PSYCHOLOGICAL PROFILING FOR SECURITY-SENSITIVE ENGINEERING ROLES USING A HUMAN-CENTRIC SCREENING FRAMEWORK
Keywords:
psychological profiling, security-sensitive roles, human-centric screening, engineering psychology, situational judgment, behavioral assessment, risk suitabilityAbstract
Careers in security-sensitive industries such as aerospace, defence, and critical infrastructure will require more than simply technical skills, but also psychometric resilience and stress-honed reliability, along with demonstrated ethical reasoning.
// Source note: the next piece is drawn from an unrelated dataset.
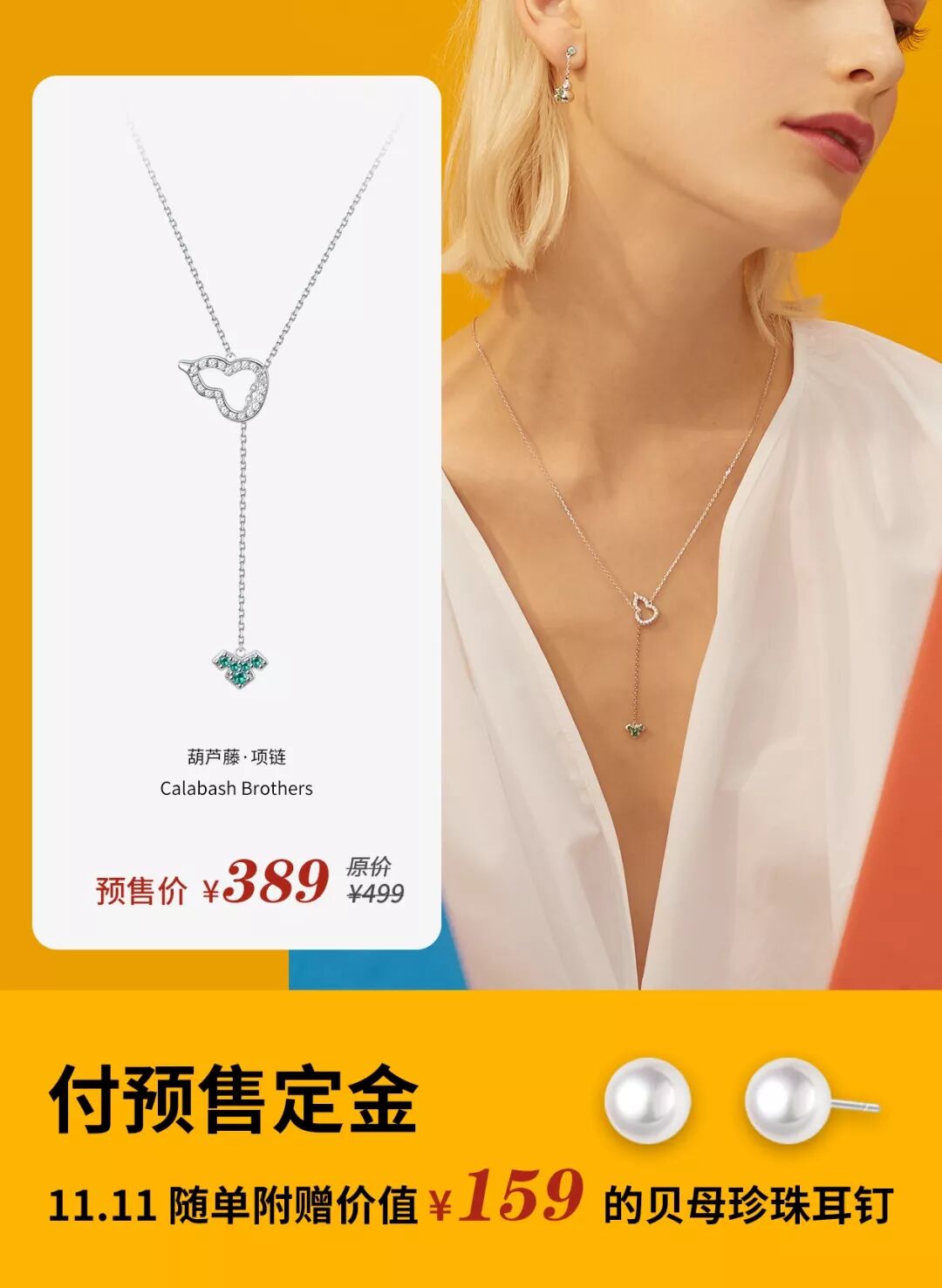 比如这款七彩的珐琅葫芦耳钉 + 项链就很俏皮,在鲜艳小葫芦外又镶上一整圈皓石,超级亮闪闪~

Human capacity, accessibility, and judgment are often overlooked in traditional hiring approaches. This article proposes a human-centric evaluation framework to support hiring decisions for security-focused activity roles within engineering. The framework proposes to introduce psychological profiling into the selection process. The human-centered framework would assess individual risk factors and resilience, and provide SJTs (situational judgement tasks) and behavioral simulations to measure a candidate's response and reaction to high-stakes situations. By presenting a potential candidate's psychometric sophistication along with emergent simulations, the appraisal framework provides a more comprehensive and contextual view of a person's suitability for risk-sensitive engineering. Together with a focus on psychometric statistical rigor and empirical acceptability, the human-centered framework proposed ensures fairness and transparency, in addition to maximizing ethical integrity in alignment with factors needed by organizations and best psychology practices surrounding human cognition and action. This paper suggests a systemic way of formalizing ethical hiring approaches to improve talent decisions in high-consequence engineering space and make systems safer by having the right people choose to be in the right places at the right times, and maximizing the chances in reliability, performance, and teamwork while providing a framework for longitudinal study in wound prediction and trust cue calibration; the presented framework is designed to support continuous improvement.